芸能パロ石乙 ジャンルがジャンルなだけに、今までの共演者は比較的年上が多かった。それでもひとたび違うジャンルのドラマに参加すれば、自分が意外と中堅の役者であったことに気付かされる。出演作見てますと、代表作を口にしてくれ、それだけでもありがたいのに、最近若い子の間で流行っていることなんかも教えてくれる。
「え、龍さんって、インスタもやってないんですか?」
最近参加した刑事ドラマで共演した彼、乙骨憂太もその1人だ。まだ若干二十歳の売り出し中の若手俳優で、演技はかなりの体当たりだがその一生懸命さに好感を抱いた。

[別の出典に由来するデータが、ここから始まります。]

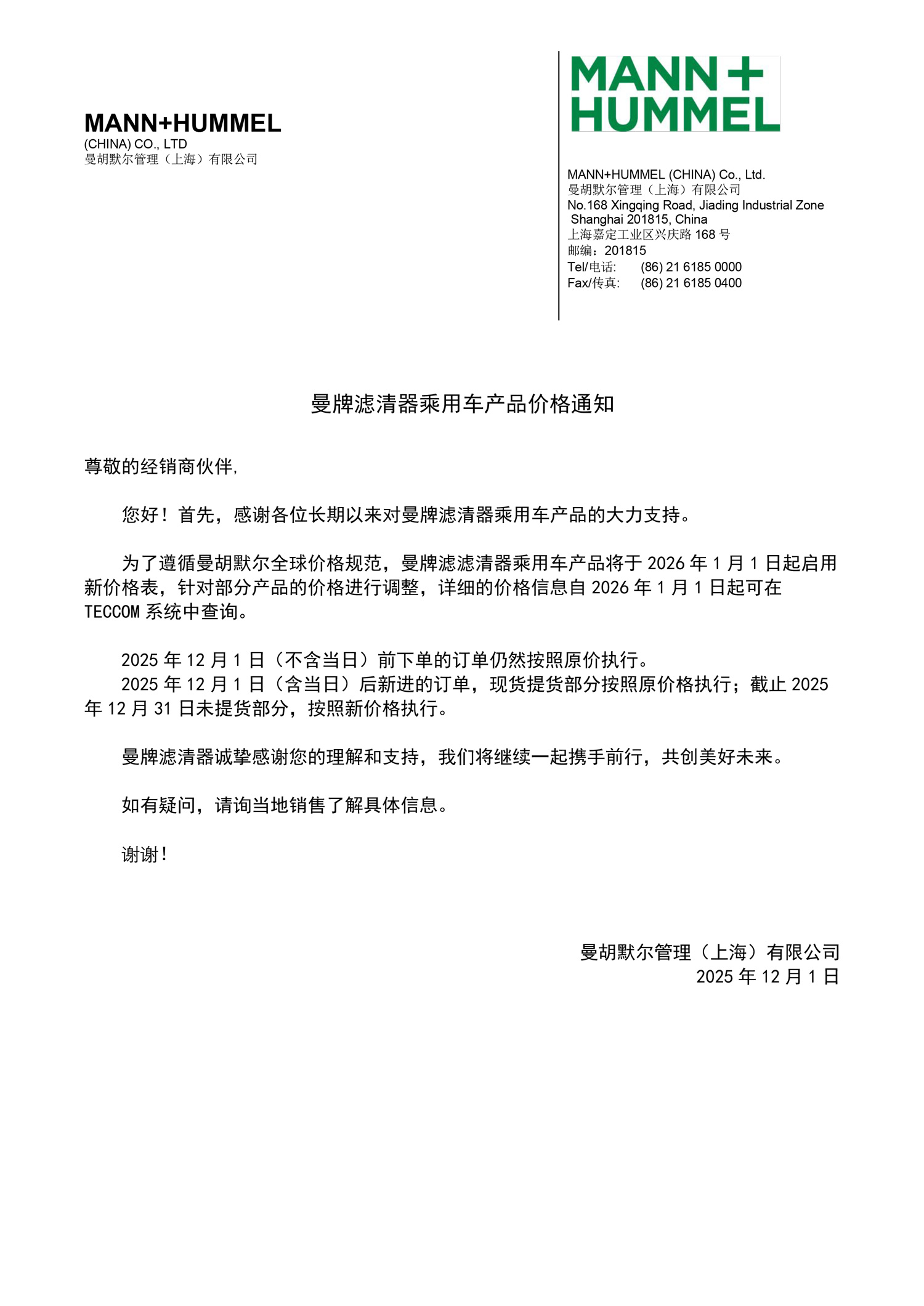 MANN FILTER 2026 Passenger Car Product Price Notification

ドラマの中ではバチバチにぶつかり合った役柄だったが、そういう役ほどオフショットで仲良しなところを見せるといいよ、なんてスタッフにいわれて、乙骨とツーショットを撮ったのがすべての始まり。最初は自分を前にガチガチに緊張していたのだが、機械音痴で上手くスマホのカメラを扱えない自分に、僕がやります!って率先して撮影したのを皮切りに、打ち解けた。後からもっと怖い人かと思ったら意外と優しいしお茶目なところもあって全然怖くなくなりました、なんて笑って言われた。まぁ仲が悪いよりはいいよな、なんてその時は思ったけれど。
そんな乙骨からスマホの使い方を教わり、今度はSNSにチャレンジしてみようという話になった。乙骨くらい若いやつの間では、今はいんすたぐらむ?ってやつが主流らしい。乙骨のアカウントを見せてもらえば、乙骨の写真や他の共演者とのオフショットやらがたくさん投稿されていた。その中には自分とのツーショットもあった。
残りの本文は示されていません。